When a mover sets a body in motion he implants into it a certain impetus, that is, a certain force enabling a body to move in the direction in which the mover starts it, be it upwards, downwards, sidewards, or in a circle. The implanted impetus increases in the same ratio as the velocity. It is because of this impetus that a stone moves on after the thrower has ceased moving it. But because of the resistance of the air (and also because of the gravity of the stone) which strives to move it in the opposite direction to the motion caused by the impetus, the latter will weaken all the time. Therefore the motion of the stone will be gradually slower, and finally the impetus is so diminished or destroyed that the gravity of the stone prevails and moves the stone towards its natural place. In my opinion one can accept this explanation because the other explanations prove to be false whereas all phenomena agree with this one.

Buridan, like Philoponus and al-Bitruji, thought that impetus most the motive force of the planets, there being in the celestial sphere no air resistance of gravity to weaken it. 

Impetus was established as the accepted theory of projectile motion at the beginning of the sixteenth century and it was the theory that Niccolò Fontana (c. 1500–1557), better known by his nickname, Tartaglia, used in his mathematical analysis of ballistics, his Nova scientia (1537), the first such book on the topic.

Tartaglia Source: Wikimedia Commons

Here we have a classic example of Renaissance science, the application of the scientific approach to an artisanal practice, gunnery. Because he was using the theory of impetus and not the theory of inertia, Tartaglia’s theories of the flight path of cannon balls is wrong, but his book was widely read and highly influential, Galileo owned a heavily annotated copy. 

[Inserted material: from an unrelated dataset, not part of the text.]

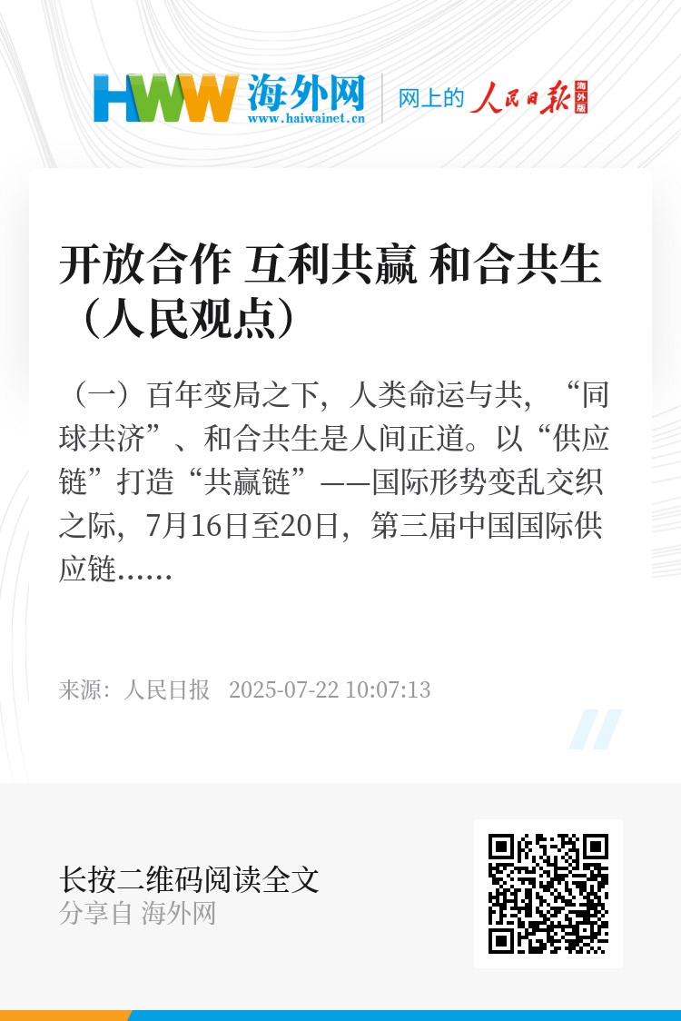经济全球化是历史大势,开放合作是时代潮流,中国坚定践行真正的多边主义,以和合共生的“中国主张”,为全球发展带来新的光明前程。

Various projectile trajectories from Tartaglia’s Nova Scientia Source: Wikimedia Commons

Philoponus had also criticised Aristotle’s theory of fall and he was by no means the last medieval scholar to do so. The so-called Oxford Calculatores at Merton College, Thomas Bradwardine (c. 1300–1349), William of Heytesbury (c. 1313–c. 1372), Richard Swineshead (fl. c. 1340–1354) and John Dumbleton (c. 1310–c. 1349)–studied mechanics distinguishing between kinematics and dynamics, emphasising the former and investigating instantaneous velocity.

Merton College in 1865 Source: Wikimedia Commons

They were the first to formulate the mean speed theorem, an achievement usually accredited to Galileo. The mean speed theorem states that a uniformly accelerated body, starting from rest, travels the same distance as a body with uniform speed, whose speed in half the final velocity of the accelerated body. The theory lies at the heart of the laws of fall.

Nicole Oresme (c. 1320–1382), a Parisian colleague of Jean Buridan, in his own work on the concept of motion produced a graphical representation of the mean speed theorem,

Portrait of Nicole Oresme: Miniature from Oresme’s Traité de l’espère, Bibliothèque Nationale, Paris, France, fonds français 565, fol. 1r. Source: Wikimedia Commons

as did Giovanni di Casali (c. 1320–after 1374), a Franciscan friar, who encountered the mathematical physics of the Oxford Calculatores, whilst working as a lecturer at Cambridge University around 1340. He wrote a treatise on his ideas on motion in 1346, which was published as De velocitate motus alterationis (On the Velocity of the Motion of Alteration) in Venice in 1351. His work on mathematical physics influenced scholars at the University of Padua and possibly later Galileo.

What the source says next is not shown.